Your task:
Would you output the following records verbatim and skip the images in them?

Data provided:
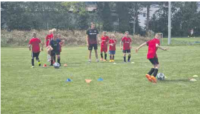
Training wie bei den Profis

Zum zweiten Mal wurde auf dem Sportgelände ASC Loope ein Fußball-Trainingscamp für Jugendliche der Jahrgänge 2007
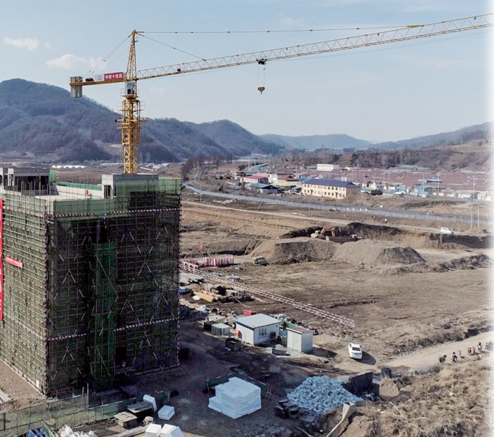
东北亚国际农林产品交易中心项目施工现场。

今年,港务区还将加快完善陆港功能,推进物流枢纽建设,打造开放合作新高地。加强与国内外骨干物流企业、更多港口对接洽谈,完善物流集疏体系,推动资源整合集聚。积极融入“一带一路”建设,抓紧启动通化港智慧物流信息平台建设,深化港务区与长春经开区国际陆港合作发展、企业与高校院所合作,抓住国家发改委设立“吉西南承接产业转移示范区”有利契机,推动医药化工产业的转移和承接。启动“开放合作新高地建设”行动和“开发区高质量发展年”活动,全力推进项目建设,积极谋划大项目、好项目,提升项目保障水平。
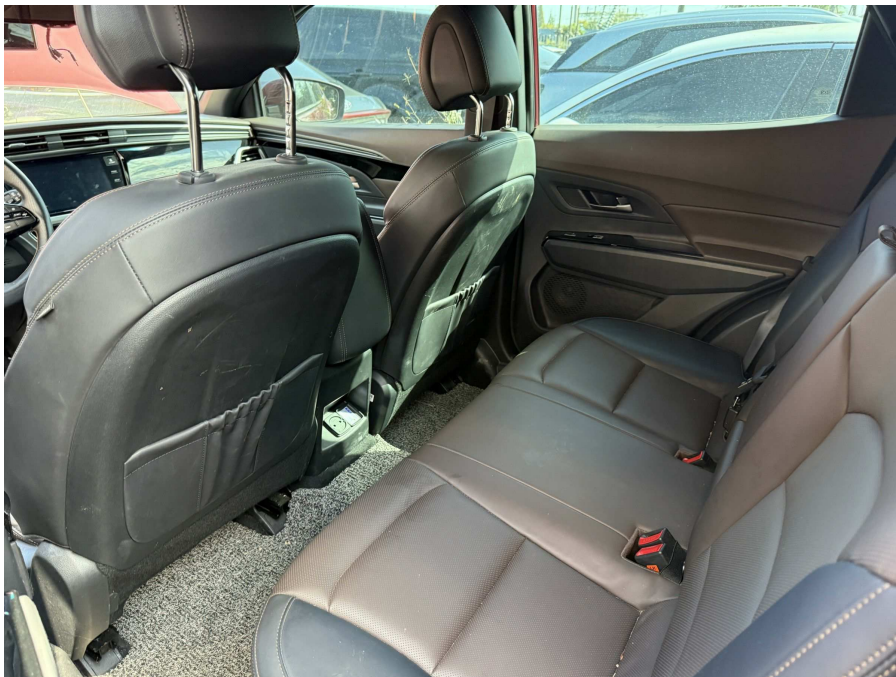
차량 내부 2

Solved problem:
Training wie bei den Profis

Zum zweiten Mal wurde auf dem Sportgelände ASC Loope ein Fußball-Trainingscamp für Jugendliche der Jahrgänge 2007
东北亚国际农林产品交易中心项目施工现场。

今年,港务区还将加快完善陆港功能,推进物流枢纽建设,打造开放合作新高地。加强与国内外骨干物流企业、更多港口对接洽谈,完善物流集疏体系,推动资源整合集聚。积极融入“一带一路”建设,抓紧启动通化港智慧物流信息平台建设,深化港务区与长春经开区国际陆港合作发展、企业与高校院所合作,抓住国家发改委设立“吉西南承接产业转移示范区”有利契机,推动医药化工产业的转移和承接。启动“开放合作新高地建设”行动和“开发区高质量发展年”活动,全力推进项目建设,积极谋划大项目、好项目,提升项目保障水平。
차량 내부 2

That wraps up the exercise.